Le financement des entreprises marocaines est caractérisé par la dominance de l’autofinancement et un recours limité au financement externe. C’est ce qu’a déclaré Abdellatif Jouahri, wali de Bank Al-Maghrib, lors de son intervention le 15 février sur la situation de l’investissement devant la Commission des finances et du développement économique à la Chambre des représentants.

Selon les données de l’OMTPME (2019-2020), la part de la dette financière est de 20,2%. En comparaison internationale, cette part reste, selon les données disponibles, inférieure à celles enregistrées dans des pays comme la France (37%), l’Allemagne (36%), le Portugal  (33%), l’Espagne (30%) ou la Pologne (22%).

En revanche, la part des fonds propres s’élève à 30,2%, contre 18% en France et 14% en Allemagne.
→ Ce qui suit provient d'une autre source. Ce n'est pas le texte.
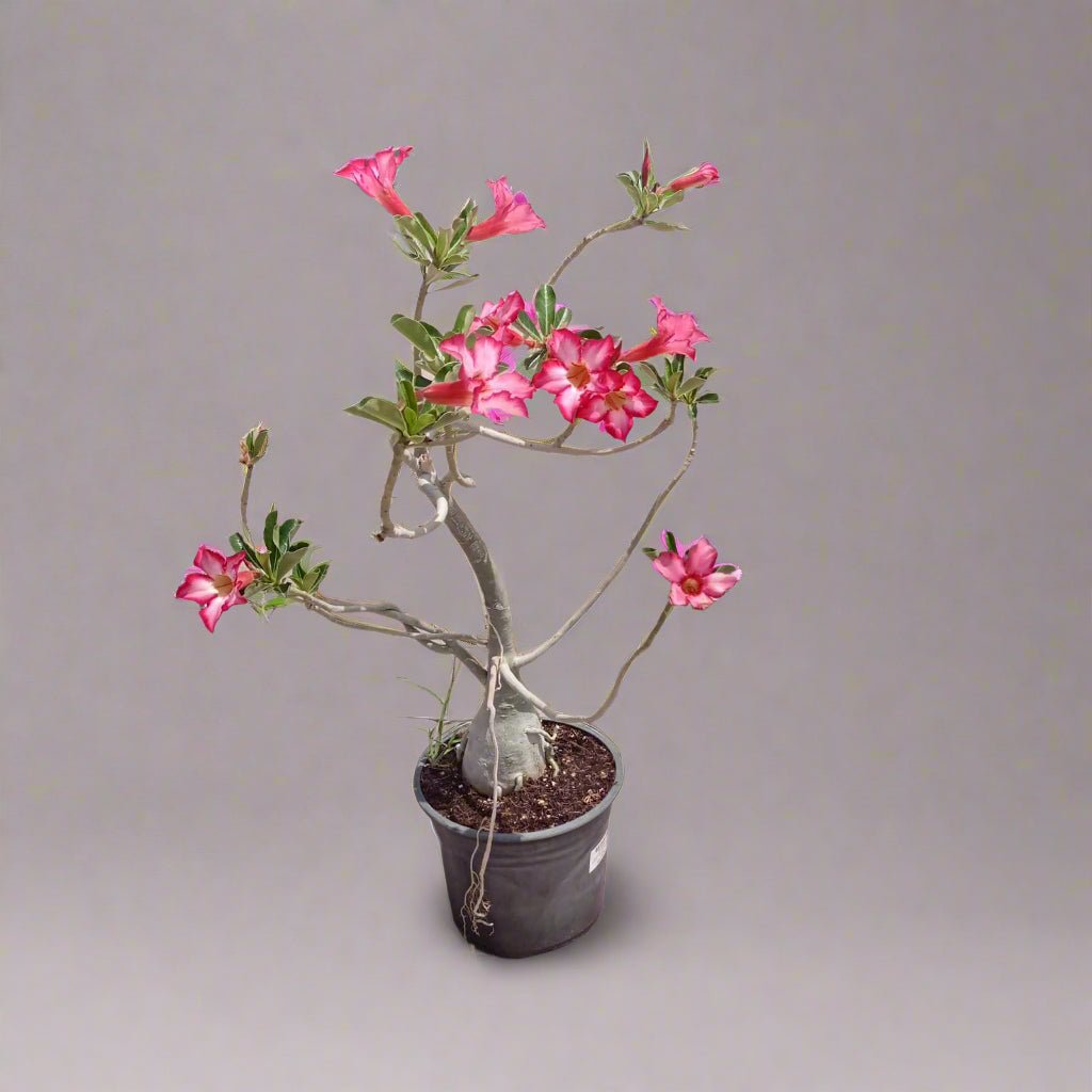 Growth Habit: Adenium Obesum is a small, deciduous shrub or succulent that typically grows up to 1-3 meters (3-10 feet) tall. Its thick, swollen base (caudex) stores water, giving the plant a unique, sculptural appearance.

Ce constat est corroboré, d’un autre côté, par les résultats de l’enquête de la BM (2019) qui montrent que l’investissement au Maroc est financé à hauteur de 8% par des emprunts bancaires contre 12% pour les pays à revenu intermédiaire tranche inférieure et 14% pour la région MENA.
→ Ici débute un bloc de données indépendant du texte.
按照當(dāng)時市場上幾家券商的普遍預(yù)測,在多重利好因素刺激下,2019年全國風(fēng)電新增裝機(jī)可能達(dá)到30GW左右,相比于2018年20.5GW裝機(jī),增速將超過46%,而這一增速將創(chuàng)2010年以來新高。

Toutefois, le crédit bancaire reste la principale source de financement externe et en constitue 96,6%, alors que le recours au marché des capitaux reste faible et largement dominé par les établissements à caractère financier et de quelques grandes entreprises.

De plus, le crédit bancaire aux entreprises représente 51% du PIB, soit un niveau supérieur à celui enregistré dans des pays comme la Pologne (44%), l’Afrique du Sud (34%), le Mexique (26%) ou l’Argentine (21%) et semblable à ceux du Brésil (53%) et de la République Tchèque (54%).
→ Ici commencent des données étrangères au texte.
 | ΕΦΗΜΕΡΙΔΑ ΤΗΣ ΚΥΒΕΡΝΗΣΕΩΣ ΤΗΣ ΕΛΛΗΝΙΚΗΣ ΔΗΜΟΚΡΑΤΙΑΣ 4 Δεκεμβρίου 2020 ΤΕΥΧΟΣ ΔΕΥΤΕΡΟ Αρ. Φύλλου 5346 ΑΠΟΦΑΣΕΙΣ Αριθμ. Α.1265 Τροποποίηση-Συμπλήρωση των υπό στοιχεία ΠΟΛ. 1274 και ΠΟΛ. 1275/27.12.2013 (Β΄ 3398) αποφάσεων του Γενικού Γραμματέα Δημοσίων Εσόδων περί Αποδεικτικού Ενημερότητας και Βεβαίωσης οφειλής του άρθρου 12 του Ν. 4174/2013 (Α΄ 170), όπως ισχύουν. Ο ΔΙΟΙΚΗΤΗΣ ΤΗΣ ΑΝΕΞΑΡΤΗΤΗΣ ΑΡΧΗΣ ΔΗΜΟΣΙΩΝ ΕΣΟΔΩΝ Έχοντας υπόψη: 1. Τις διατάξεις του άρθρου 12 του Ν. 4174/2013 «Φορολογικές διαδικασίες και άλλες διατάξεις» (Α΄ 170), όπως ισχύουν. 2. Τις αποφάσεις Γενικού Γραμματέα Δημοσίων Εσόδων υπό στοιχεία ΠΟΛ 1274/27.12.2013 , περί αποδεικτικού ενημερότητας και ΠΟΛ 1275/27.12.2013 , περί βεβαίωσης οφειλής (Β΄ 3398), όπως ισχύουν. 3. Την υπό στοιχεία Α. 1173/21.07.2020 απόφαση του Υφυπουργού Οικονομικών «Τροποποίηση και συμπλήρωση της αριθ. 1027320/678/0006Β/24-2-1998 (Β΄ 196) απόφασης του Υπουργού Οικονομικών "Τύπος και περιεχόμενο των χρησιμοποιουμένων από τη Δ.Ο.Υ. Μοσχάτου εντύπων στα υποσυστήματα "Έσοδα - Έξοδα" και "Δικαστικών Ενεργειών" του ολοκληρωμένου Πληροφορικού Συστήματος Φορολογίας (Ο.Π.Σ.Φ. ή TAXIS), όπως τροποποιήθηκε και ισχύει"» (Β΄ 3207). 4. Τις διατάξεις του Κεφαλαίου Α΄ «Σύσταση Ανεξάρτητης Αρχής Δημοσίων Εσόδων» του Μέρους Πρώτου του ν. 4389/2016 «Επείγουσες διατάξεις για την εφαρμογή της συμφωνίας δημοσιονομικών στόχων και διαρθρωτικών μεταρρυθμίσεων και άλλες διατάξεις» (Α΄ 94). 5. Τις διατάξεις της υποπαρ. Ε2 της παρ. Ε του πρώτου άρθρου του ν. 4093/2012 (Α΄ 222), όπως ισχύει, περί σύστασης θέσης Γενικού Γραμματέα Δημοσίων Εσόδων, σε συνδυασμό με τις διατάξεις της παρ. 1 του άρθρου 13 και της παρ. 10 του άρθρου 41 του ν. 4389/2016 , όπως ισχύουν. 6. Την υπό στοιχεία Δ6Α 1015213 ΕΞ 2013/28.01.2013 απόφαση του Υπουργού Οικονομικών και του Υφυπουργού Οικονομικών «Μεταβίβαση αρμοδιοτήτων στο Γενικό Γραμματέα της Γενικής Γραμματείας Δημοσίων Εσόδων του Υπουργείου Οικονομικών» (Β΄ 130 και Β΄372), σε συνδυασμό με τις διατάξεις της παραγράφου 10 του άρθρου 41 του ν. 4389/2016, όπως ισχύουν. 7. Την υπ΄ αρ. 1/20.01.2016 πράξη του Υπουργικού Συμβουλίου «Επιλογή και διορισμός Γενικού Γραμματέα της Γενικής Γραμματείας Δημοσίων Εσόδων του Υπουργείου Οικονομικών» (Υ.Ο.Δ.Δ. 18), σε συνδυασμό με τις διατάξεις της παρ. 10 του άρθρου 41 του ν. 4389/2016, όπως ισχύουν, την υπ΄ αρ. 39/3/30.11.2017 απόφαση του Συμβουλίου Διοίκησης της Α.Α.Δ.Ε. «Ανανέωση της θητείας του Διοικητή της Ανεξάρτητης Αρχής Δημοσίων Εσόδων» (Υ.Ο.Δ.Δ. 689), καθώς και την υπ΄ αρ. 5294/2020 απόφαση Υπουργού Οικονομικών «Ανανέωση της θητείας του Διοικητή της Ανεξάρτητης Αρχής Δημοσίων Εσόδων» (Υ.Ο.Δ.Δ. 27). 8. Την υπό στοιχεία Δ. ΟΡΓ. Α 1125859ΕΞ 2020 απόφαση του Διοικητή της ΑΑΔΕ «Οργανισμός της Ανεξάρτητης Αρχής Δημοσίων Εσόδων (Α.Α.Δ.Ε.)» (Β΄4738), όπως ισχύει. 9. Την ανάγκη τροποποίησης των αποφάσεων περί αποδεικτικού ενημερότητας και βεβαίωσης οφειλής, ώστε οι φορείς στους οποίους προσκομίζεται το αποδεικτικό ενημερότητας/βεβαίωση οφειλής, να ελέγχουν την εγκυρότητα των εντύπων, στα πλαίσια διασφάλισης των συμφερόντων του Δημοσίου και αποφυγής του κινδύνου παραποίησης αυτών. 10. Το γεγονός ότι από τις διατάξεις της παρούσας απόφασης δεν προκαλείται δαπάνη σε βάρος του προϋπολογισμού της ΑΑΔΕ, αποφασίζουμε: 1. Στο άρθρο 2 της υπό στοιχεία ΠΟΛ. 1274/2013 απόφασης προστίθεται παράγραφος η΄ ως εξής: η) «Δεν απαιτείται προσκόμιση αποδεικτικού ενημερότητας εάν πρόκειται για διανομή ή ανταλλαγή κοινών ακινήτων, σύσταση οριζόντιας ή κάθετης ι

En général, les TPME considèrent que les banques (i) leur exigent beaucoup de garanties, (ii) leur appliquent des taux d’intérêt élevés et des conditions défavorables et (iii) leur octroient des financements restrictifs.

Les banques avancent le manque de transparence financière de ces entreprises, leur faible qualité de gouvernance et les craintes quant à leur capacité de remboursement pour justifier leur prudence et l’application de primes de risque relativement élevées.

Ceci est aussi le cas au Maroc comme le montrent les résultats de l’enquête du HCP en 2019 :

69% des TPME ont déclaré avoir souffert des difficultés d’accès au financement.

Parmi les TPE qui ont demandé un crédit, 28% ont vu leurs demandes rejetées en raison : (i) de l’insuffisance de garanties pour 52% des entreprises ; et (ii) du manque de confiance dans l’entreprise pour 20%.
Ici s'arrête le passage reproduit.